Start of Source data
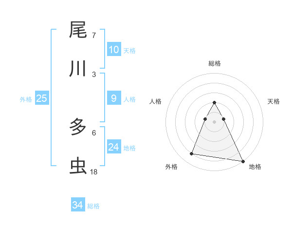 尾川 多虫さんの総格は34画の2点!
End of Source data
Start of Source data
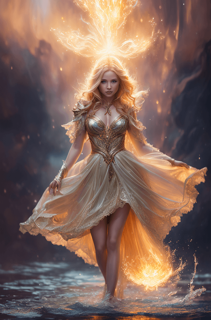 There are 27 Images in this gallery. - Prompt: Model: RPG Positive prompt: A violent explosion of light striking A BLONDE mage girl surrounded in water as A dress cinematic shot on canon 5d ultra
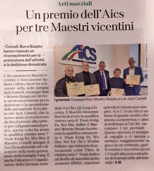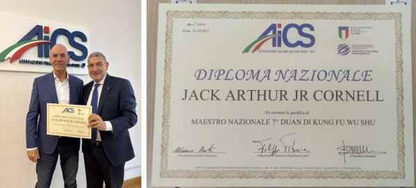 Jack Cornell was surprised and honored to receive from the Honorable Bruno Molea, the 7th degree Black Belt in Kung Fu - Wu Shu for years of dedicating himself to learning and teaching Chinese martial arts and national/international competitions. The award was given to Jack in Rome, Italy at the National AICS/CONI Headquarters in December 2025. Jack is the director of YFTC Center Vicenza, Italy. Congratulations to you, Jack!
End of Source data
Beginning at the line above that contains "There are 27" and going on through the line that contains "Jack Cornell was", please copy every line exactly, leaving the pictures out and adding nothing.

 There are 27 Images in this gallery. - Prompt: Model: RPG Positive prompt: A violent explosion of light striking A BLONDE mage girl surrounded in water as A dress cinematic shot on canon 5d ultra
 Jack Cornell was surprised and honored to receive from the Honorable Bruno Molea, the 7th degree Black Belt in Kung Fu - Wu Shu for years of dedicating himself to learning and teaching Chinese martial arts and national/international competitions. The award was given to Jack in Rome, Italy at the National AICS/CONI Headquarters in December 2025. Jack is the director of YFTC Center Vicenza, Italy. Congratulations to you, Jack!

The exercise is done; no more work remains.